Task to complete:
The answer must consist only of the lines in the records below from the line with "It was hard!" to the line with "Voici un extrait", both included, copied word for word with every picture left out.

Data provided:
########################################
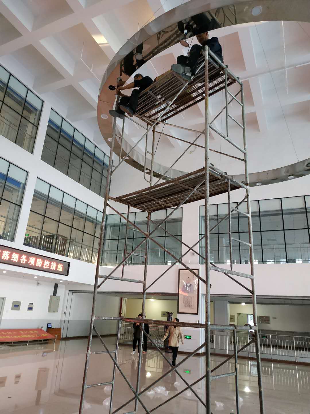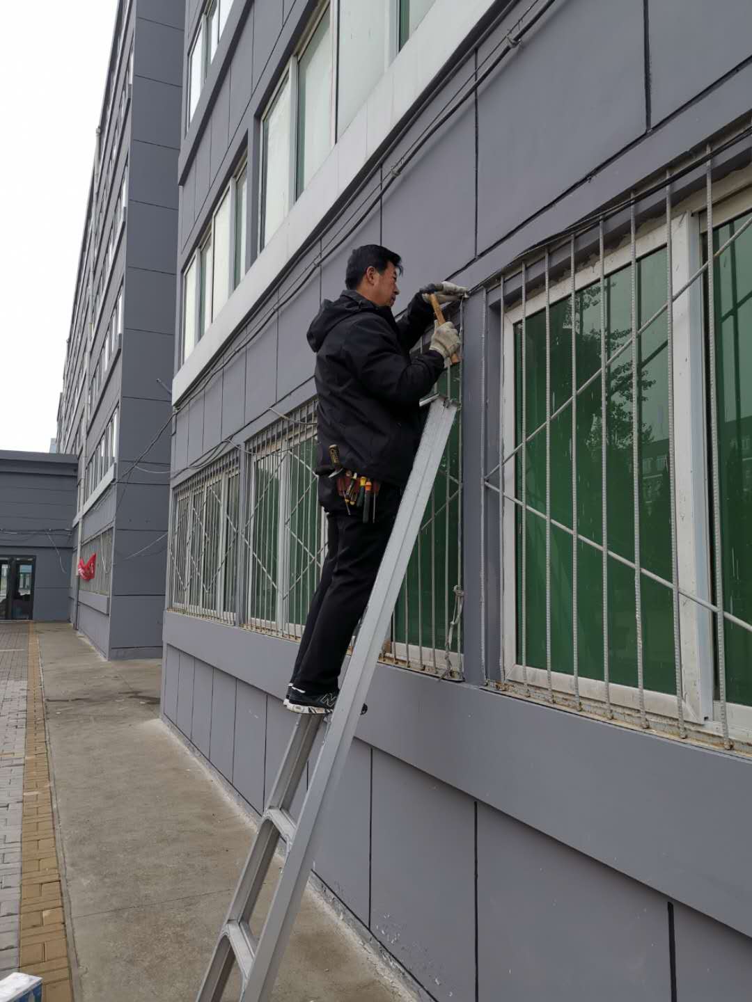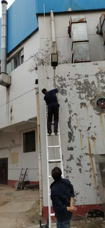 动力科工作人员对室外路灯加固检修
########################################
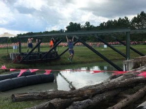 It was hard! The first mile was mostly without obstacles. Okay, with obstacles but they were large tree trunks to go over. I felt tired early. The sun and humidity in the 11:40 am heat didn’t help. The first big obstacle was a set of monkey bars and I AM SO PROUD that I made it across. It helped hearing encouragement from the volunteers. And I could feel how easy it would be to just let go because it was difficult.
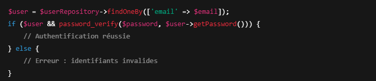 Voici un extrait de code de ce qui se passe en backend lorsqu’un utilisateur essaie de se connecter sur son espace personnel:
########################################
Result:
 It was hard! The first mile was mostly without obstacles. Okay, with obstacles but they were large tree trunks to go over. I felt tired early. The sun and humidity in the 11:40 am heat didn’t help. The first big obstacle was a set of monkey bars and I AM SO PROUD that I made it across. It helped hearing encouragement from the volunteers. And I could feel how easy it would be to just let go because it was difficult.
 Voici un extrait de code de ce qui se passe en backend lorsqu’un utilisateur essaie de se connecter sur son espace personnel:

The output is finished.